One indicator of a resurging housing market is the number of new starts, or new housing construction projects, and permits applied for in a particular market. Traditionally, this has meant an upswing in home ownership, since most new housing construction is centered on single-family homes. But according to recent statistics published by Forbes online, current trends in housing construction reveal a booming business in the construction of multiplex, or multi family housing — confirming that currently it’s a renter’s, rather than a buyer’s, market.

While this is good news for investors seeking to make a

profit in income property, it also points up factors these investors may need to consider when looking for properties to purchase. Both single family and multiple-family properties have the potential to yield a return, but these two kinds of properties offer different challenges and benefits.

Single family homes, the kind most often hitting the foreclosure market after the real estate collapse, are just that: a single house on a tract of land, intended as a dwelling for only one family. Although other kinds of arrangements can exist on the property – a second bedroom and adjacent bath rented out to another tenant, or a garage converted into a dwelling, for example – the property is generally zoned only for single family occupancy.
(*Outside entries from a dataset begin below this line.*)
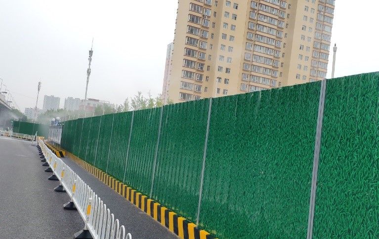 由于施工場地臨近居民區,項目部抓實抓牢現場安全施工管理,重點部署警示牌、施工圍擋、灑水降塵等設施,積極營造安全文明施工環境。在溝槽開挖路段,統一制作標準防護圍欄,懸掛警示標識,嚴格控制人員出入施工場地;在臨近居民區路段,修建便民通道,并在出口處設置警示欄桿,懸掛安全警示牌,張貼夜間反光貼,保障居民出行安全;在未完全封閉施工路段,項目部采用活動鐵馬和警戒線進行隔離,夜間路口放置爆閃燈,并設專人進行監管,保證施工現場安全有序;同時,項目部在東中環全線圍擋處加設噴淋設施,對所有裸露作業面使用綠網進行覆蓋并定時灑水降塵,營造綠色安全施工環境。
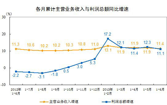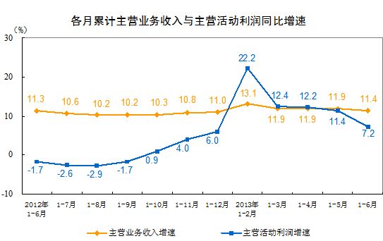 6月份,規模以上工業企業實現利潤總額5024.2億元,比去年同期增長6.3%,其中,主營活動利潤4768.9億元,比去年同期下降2.3%,而5月份主營活動利潤比去年同期增長8.8%。
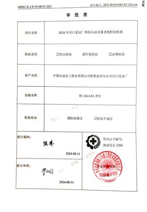 报告名称 | 2024年河口采油厂滩海陆岸石油设施发证检验(埕126-3-91井台) |

Since the foreclosure market is still busy with cases only now working their way through the courts, it’s relatively easy to purchase single-family homes at low interest rates to create the kind of diverse portfolio recommended by Jason Hartman. These properties are relatively easy to maintain over time. But a long-term vacancy can put a dent in your investment cash flow, and changes in the market can make putting all your investment eggs in one kind of basket particularly risky.

Multifamily housing, or multiplexes, refer to a variety of structures that house more than one unit, or family. These range from a house with a basement or second-floor suite to apartment houses with large numbers of tenants. But the true “apartment complex” comes under the heading of commercial real estate, and is a different kind of investment than smaller multiplexes made up of two, three or four units. For most lenders, a multiplex property of up to four units is treated like a single family home for mortgage purposes while five or more units will be considered commercial property.

These kinds of properties may not sell as easily as single-family homes, though, and they may create more demands in terms of upkeep and maintenance. Tenant disputes are more likely, too, with greater turnover since tenants are more transient. But these properties allow investors to diversify holdings and spread the risk fairly rapidly, and may yield a

greater long-term return.

Single family home or multiplex? Each has its merits and drawbacks, determined largely by the local market they’re in. Investors who can manage it may want to purchase both kinds of properties as part of an overall strategy based on Jason Hartman’s advice to diversifying holdings for lower risk and greater return.